_SOURCE DATA_
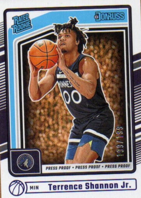 The Terrence Shannon Jr. 2024 Donruss #226 Press Proof Purple /199 Rookie card in Raw condition has not changed in price in the last 30 days and was last sold for $3.25 .
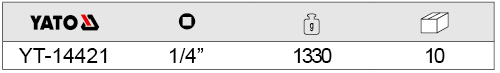 Bộ tuýp tay vặn 1/4" YT-14421 là sản phẩm mang thương hiệu Yato Ba Lan, được sản xuất theo tiêu chuẩn Châu Âu, đạt chất lượng ISO 9001:2008.
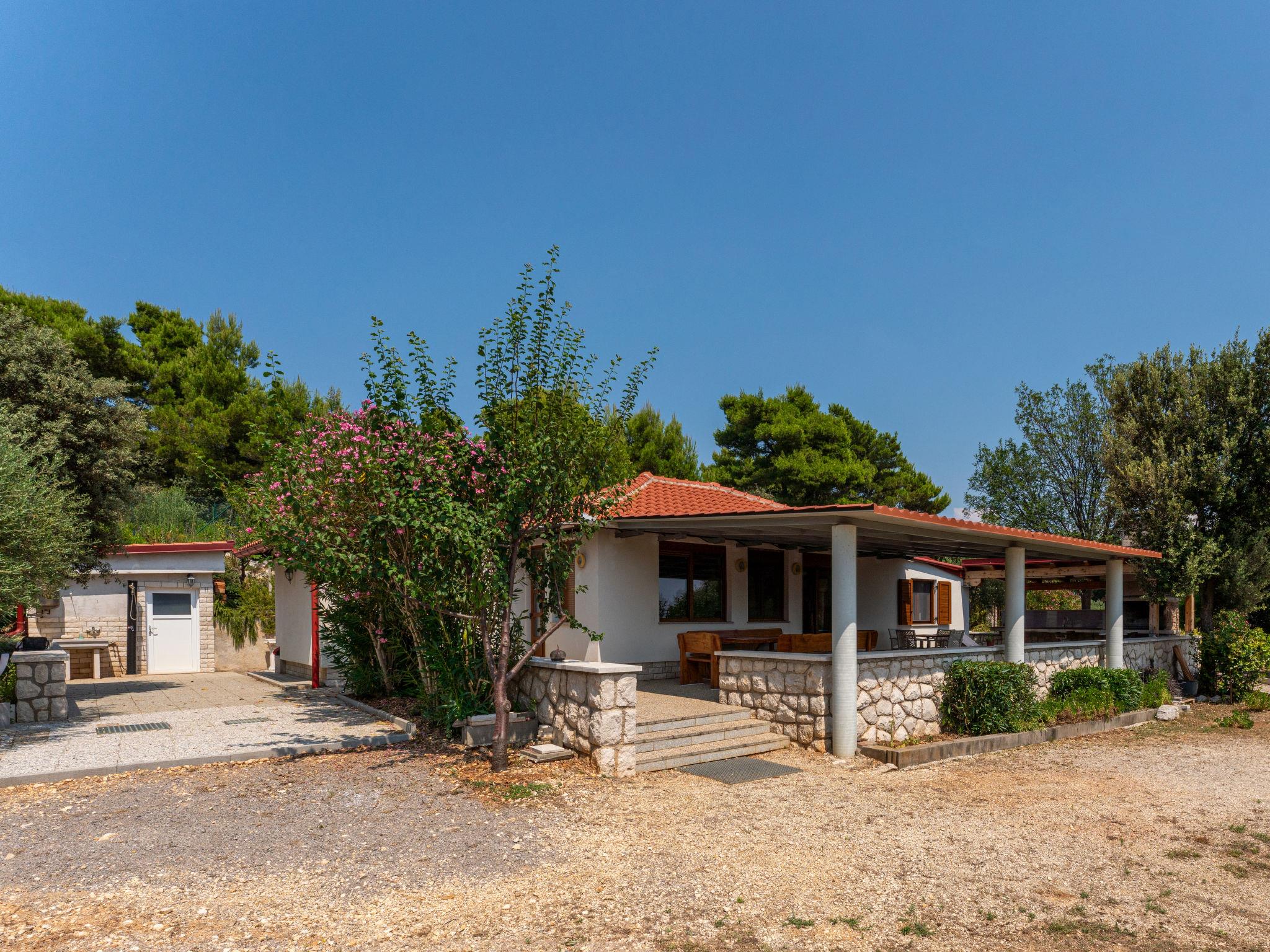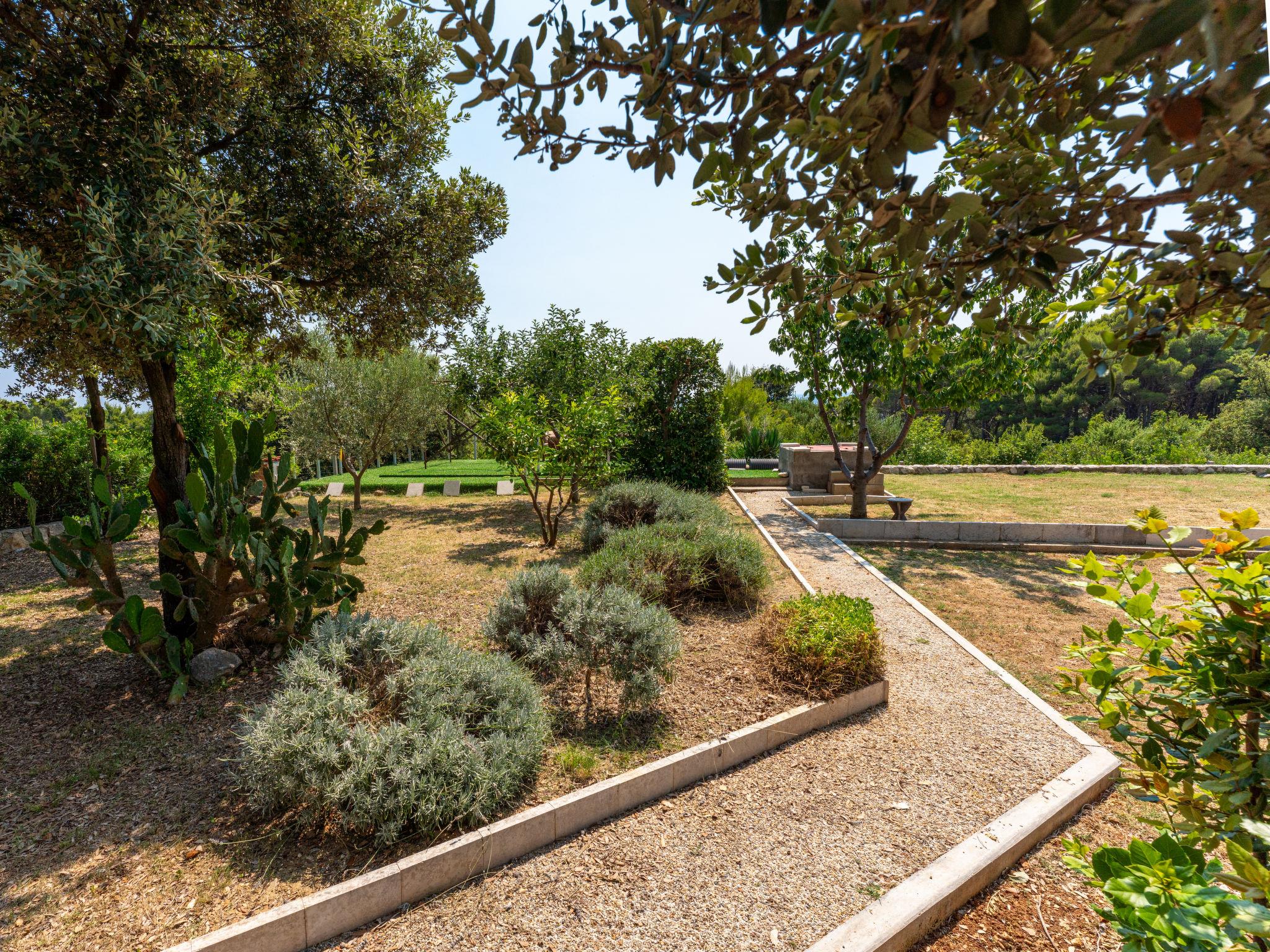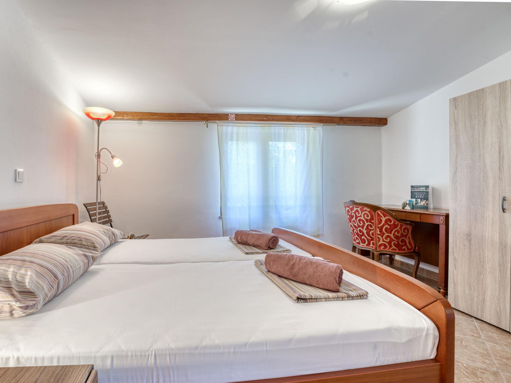 Single-family house "Dundo House". 5 km from the centre of Rab, in a quiet, sunny position, 200 m from the sea, 450 m from the beach, in a cul-de-sac. Private: property 4'000 m2 (fenced) with wildlife garden and trees. In the house: internet access, washing machine. Parking (for 4 cars) at the house on the premises. Supermarket 3.4 km, restaurant 1 km, bus stop 3.2 km, pebble beach, rocky beach 450 m, nudist beach 200 m. Tennis 2.5 km.

_TASK DESCRIPTION_
Retype the line containing "Bộ tuýp tay" and all lines after it to the end of the material, exactly as written, leaving out any pictures.

_RESPONSE AREA_
 Bộ tuýp tay vặn 1/4" YT-14421 là sản phẩm mang thương hiệu Yato Ba Lan, được sản xuất theo tiêu chuẩn Châu Âu, đạt chất lượng ISO 9001:2008.
 Single-family house "Dundo House". 5 km from the centre of Rab, in a quiet, sunny position, 200 m from the sea, 450 m from the beach, in a cul-de-sac. Private: property 4'000 m2 (fenced) with wildlife garden and trees. In the house: internet access, washing machine. Parking (for 4 cars) at the house on the premises. Supermarket 3.4 km, restaurant 1 km, bus stop 3.2 km, pebble beach, rocky beach 450 m, nudist beach 200 m. Tennis 2.5 km.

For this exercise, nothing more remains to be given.